Under the standard semantics $\vDash_{std}$ and any standard proof system $\vdash_{std}$, we have strong soundness and strong completeness: for all first-order languages $L$ and for all sentences $\phi$ in $L$ and for all theories $T$ in $L$, $T\vDash_{std}\phi$ iff $T\vdash_{std}\phi$.

I'm wondering whether, given $L$, there is always an alternative proof system $\vdash_{*}$ such that there exist theories $T$ in $L$ for which $T\vDash_{std}\phi$ iff $T\vdash_{*}\phi$, even though $\vdash_{*}$ isn't strongly complete -- i.e. even though semantic and syntactic consequence don't coincide hold for all theories $T$.

Perhaps the question is trivial if we pick a silly enough proof system, but I've been away from logic for a while and am getting lost in quantifiers (does the language matter?). Perhaps one strategy is to imagine ditching some of the axioms or inference rules of a standard axiomatic proof system: we'll lose completeness of $\vdash_{std}$, so we'll lose the semantics-syntax correspondence on some theories, but will we necessarily lose it on all theories?

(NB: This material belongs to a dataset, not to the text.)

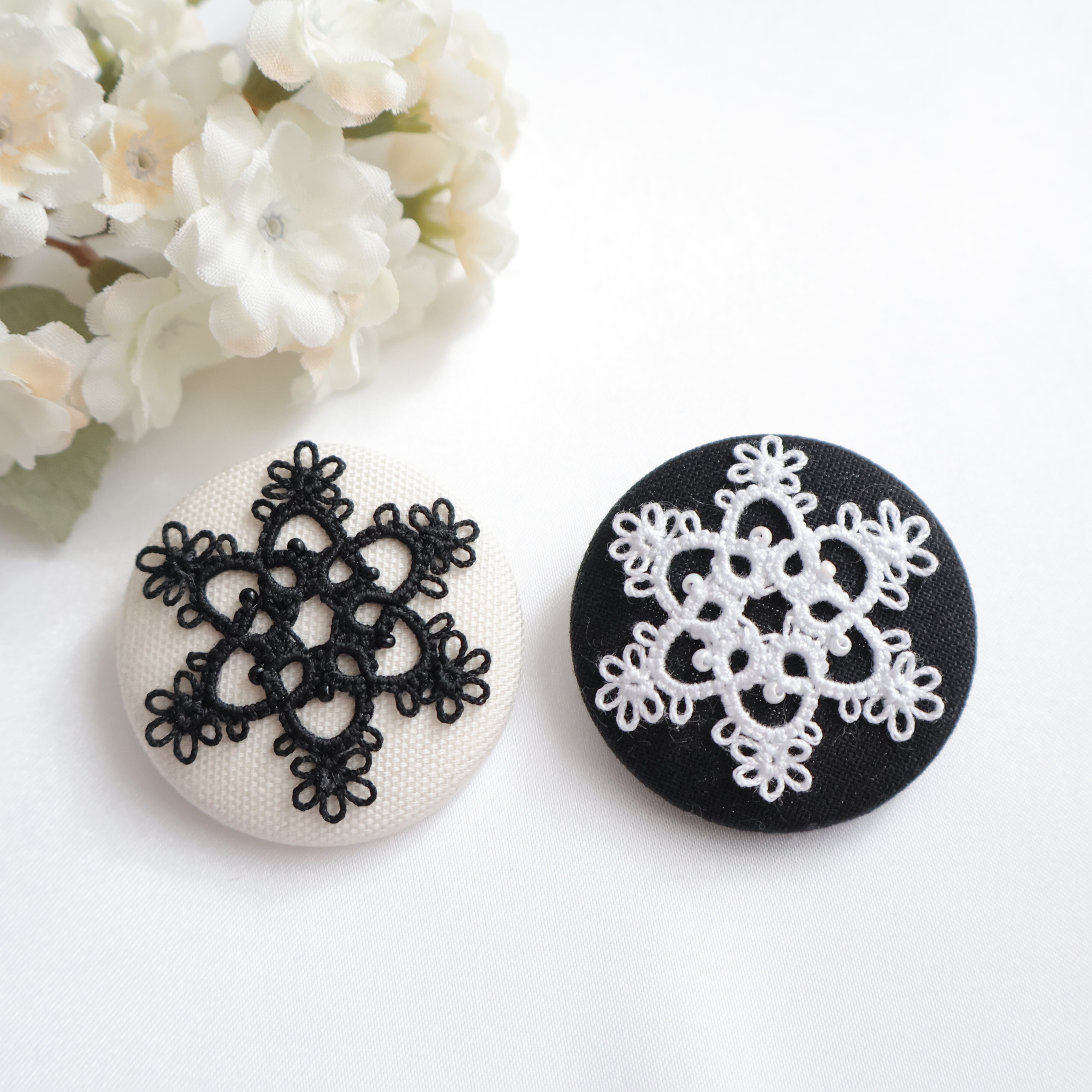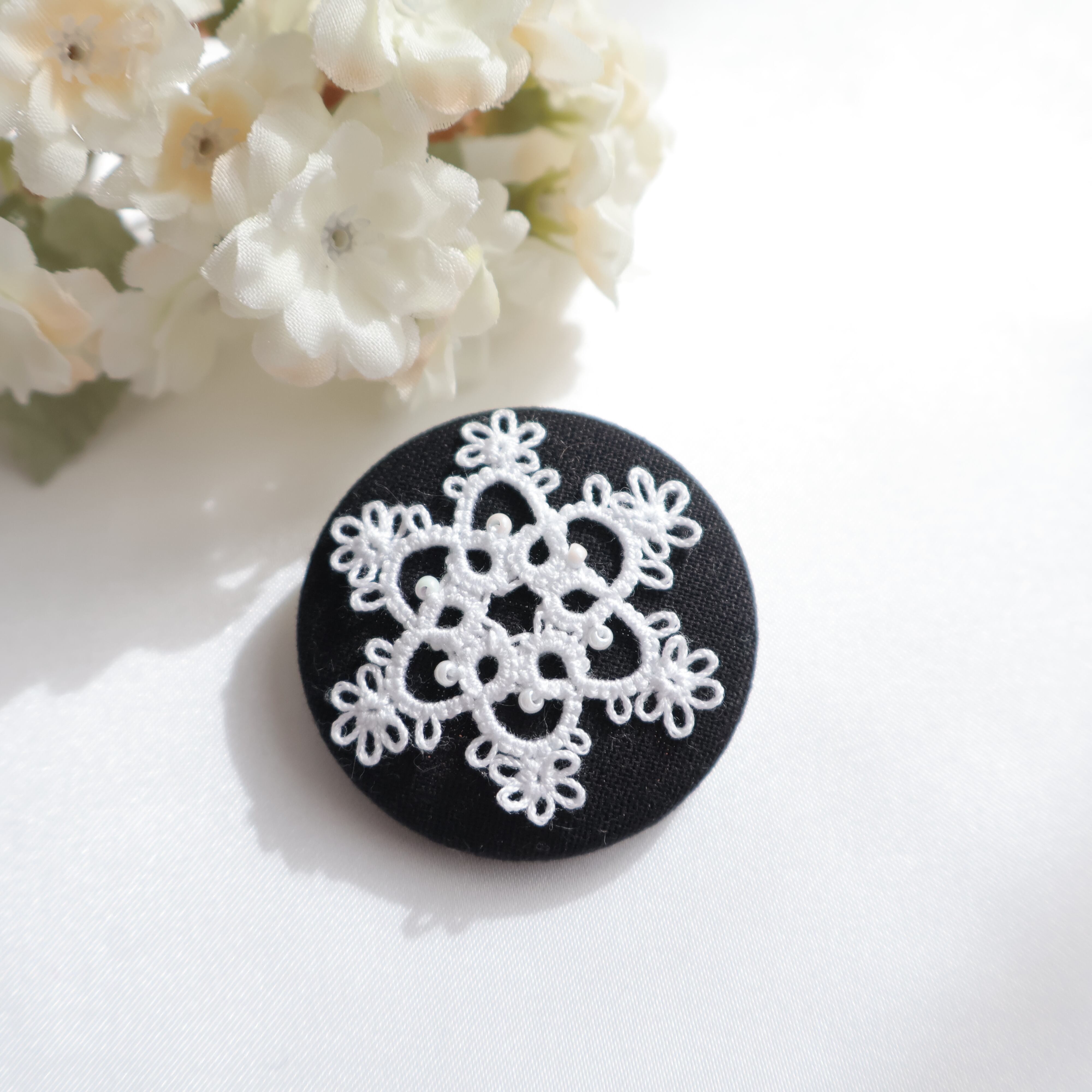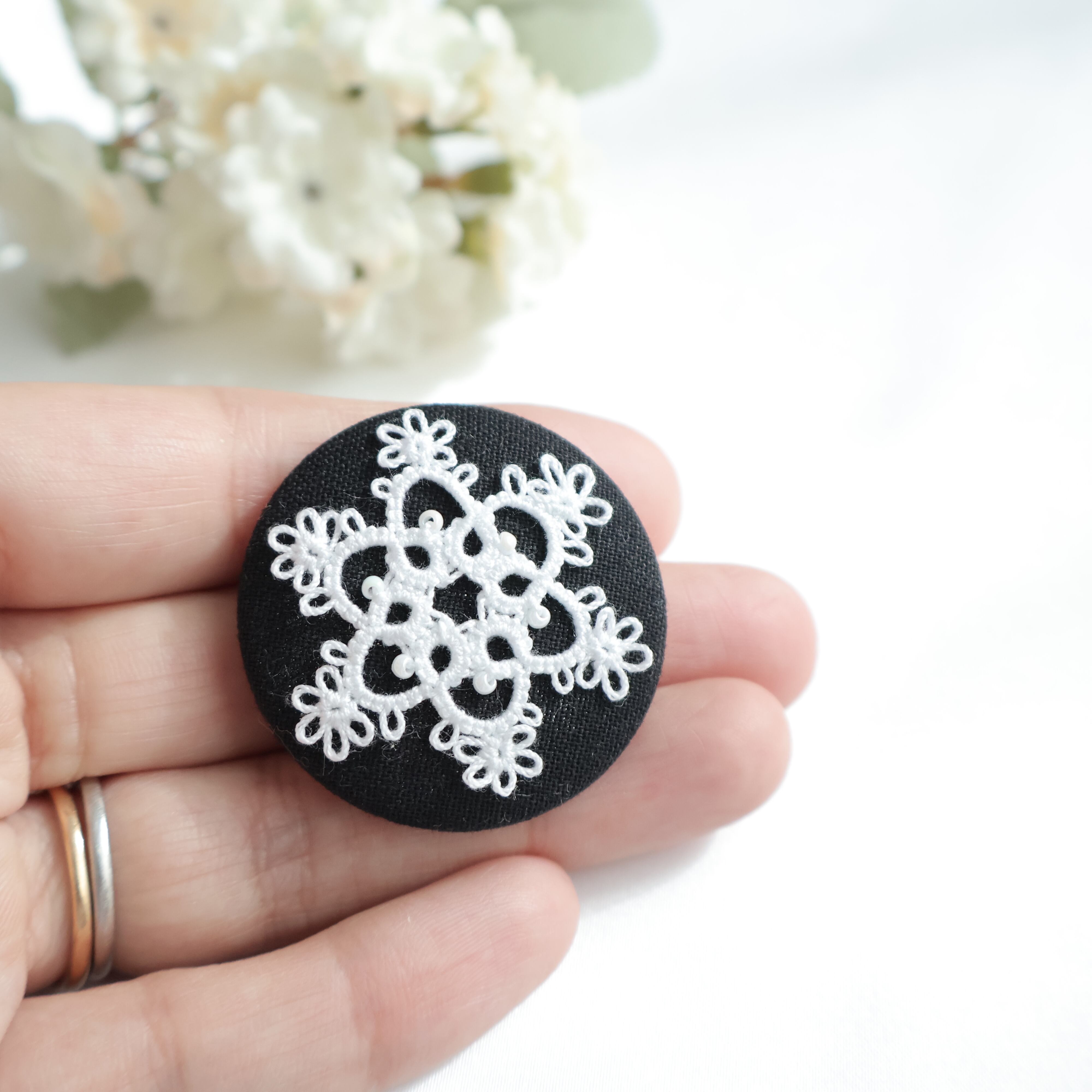 手編みしたタティングレースの雪の結晶モチーフをくるみボタンブローチに仕立てました

If the question is trivial, can it be perturbed to something interesting nearby?


EDIT: Per my own example (take $T$ to be $\left\{\forall x(x\neq x)\right\}$ and $\vdash_{*}$ to be the standard system without quantifier axioms, except for universal instantiation) and that of user Apostolos (take $T$ to be complete in the sense of containing, for each sentence $\phi$, either $\phi$ or its negation, and let $\vdash_{*}$ be the empty system, with no rules and no axioms), the answer to the question in the title is yes.

But what if we require $T$ to be consistent and $\vdash_{*}$ to be nonempty (i.e. to have some axioms and inference rules)?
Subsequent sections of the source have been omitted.